Research Data

Leitlinien für den Umgang mit Forschungsdaten an der TU Hamburg

What is research data?

Almost every research process in any field will produce data. They arise as by experiments, measurements, surveys, interviews as well as by digitization or source research. Therefore primary or raw data can be of varying content. There will be measurement results and analysis data with the associated programs among them just as pictures and drawings or empirical data.

Research Data

.

Why should research data be published?

The storage and provision of data of research projects in addition to the publication of results is becoming increasingly important:

  • Research results will be transparent and verifiable in conjunction with the data used.
  • Reuse of data is possible. Thus, duplication of effort is avoided and instead new research ideas may emerge.
  • Securing and storing primary data is in accordance with good scientific practice. A corresponding recommendation is given in the Guidelines for Safeguarding Good Research Practice by Deutsche Forschungsgemeinschaft (DFG).

Also many project funders require for a data management plan and research data to be published. For example:

Data management planning

If your project involves data, then data management planning should be one of the early tasks in your project. Usually, these considerations are recorded in a data management plan (DMP). Depending on the project a DMP can vary between a few lines and a very comprehensive document. The following questions should be considered:

  • Are there any existing data that can be reused?
  • What kind of data is generated in the project?
  • How will data be organized?
  • Are there any administrative or legal aspects to consider?
  • How is the data published and made available for re-use of the community?
  • How are responsibilities defined?
  • What costs can be expected?

In Germany there are no set procedures for the preparation of a DMP yet. Two online tools have become well established internationally:

  • DMPonline:
    Provision by the UK Digital Curation Centre (DDC) with a strong focus on British requirements. But also suitable for Horizon 2020.
  • DMPTool:
    Provision by the University of California Curation Center with a strong focus on the US requirements of NSF and NIH.

Where and how can I publish research data?

Research data should be stored in a recognized repository or archiving system, provided with a persistent identifier (DOI) and metadata in accordance with the FAIR principles (“Findable, Accessible, Interoperable, Reusable”), and, if possible, made publicly available.

The FAIR Data Principles: Findable, Accessible, Interoperable, Reusable
SangyaPundir, CC BY-SA 4.0, via Wikimedia Commons

Research data is best published in a domain specific data repository. If no suitable repository is available, you can publish to the TUHH Open Research (TORE) research data collection. For (citable) software please check out GitHub and Zenodo.

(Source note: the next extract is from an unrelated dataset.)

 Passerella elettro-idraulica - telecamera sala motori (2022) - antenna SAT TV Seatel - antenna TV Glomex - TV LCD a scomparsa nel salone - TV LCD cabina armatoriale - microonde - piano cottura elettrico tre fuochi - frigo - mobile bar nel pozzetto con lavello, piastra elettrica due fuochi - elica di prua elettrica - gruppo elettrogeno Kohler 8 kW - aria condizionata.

1. Domain specific repositories

Depending on your research area and the community, requirements for searchability and accessibility can vary greatly. re3data.org, the Registry of Research Data Repositories can help you choose the right home for your data.

Criteria for the selection of a trustworthy repository

Trustworthy repositories should meet the following minimum criteria:

  1. Provision of Persistent and Unique Identifiers (PIDs)
    1. Allow data discovery and identification
    2. Enable searching, citing, and retrieval of data
    3. Provide support for data versioning
  2. Metadata
    1. Enable finding of data
    2. Enable referencing to related relevant information, such as other data and publications
    3. Provide information that is publicly available and maintained, even for non-published, protected, retracted, or deleted data
    4. Use metadata standards that are broadly accepted (by the scientific community)
    5. Ensure that metadata are machine-retrievable
  3. Data access and usage licences
    1. Enable access to data under well-specified conditions
    2. Ensure data authenticity and integrity
    3. Enable retrieval of data
    4. Provide information about licensing and permissions (in ideally machine-readable form)
    5. Ensure confidentiality and respect rights of data subjects and creators
  4. Preservation
    1. Ensure persistence of metadata and data
    2. Be transparent about mission, scope, preservation policies, and plans (including governance, financial sustainability, retention period, and continuity plan)

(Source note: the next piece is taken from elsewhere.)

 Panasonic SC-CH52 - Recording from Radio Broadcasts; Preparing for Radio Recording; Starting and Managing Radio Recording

For Guidance see Science Europe. Practical Guide to the International Alignment of Research Data Management (Extended Edition). January 2021. p. 26 ff

2. Hamburg University of Technology: TORE

At TUHH, TUHH Open Research (TORE) is available for the publication of research data from the TUHH.

TUHH Open Research (TORE) https://tore.tuhh.de is operated as an institutional repository for research data at the TU Hamburg in conformity with the FAIR data principles. Long-term archiving takes place on an S3 storage of the regional computing center of the University of Hamburg. TORE supports DataCite as a metadata schema. DOIs for a dataset, ORCID iDs for persons and ROR for institutions are used as persistent identifiers.


TORE is included in the Registry of Research Data Repositories: re3data.org: TUHH Open Research – Research Data TUHH; editing status 2020-05-14; re3data.org – Registry of Research Data Repositories. https://doi.org/10.17616/R31NJML0 last accessed: 2022-05-17


FAQs

Before publication:

Files up to 5GB in size can be uploaded via the TORE website. Larger files can be uploaded to TORE via a WebDAV directory. Please contact us if you want to upload files larger than 5GB.


I do not want to publish the data until my paper is accepted.

The Digital Object Idenfieer (DOI) is displayed to you in TORE after you enter the descriptive data and before you upload your data. You can use it to reference your dataset and include it in the data documentation.

Important: The DOI will not be registered until your dataset is published. Until then, your dataset cannot be displayed on the web.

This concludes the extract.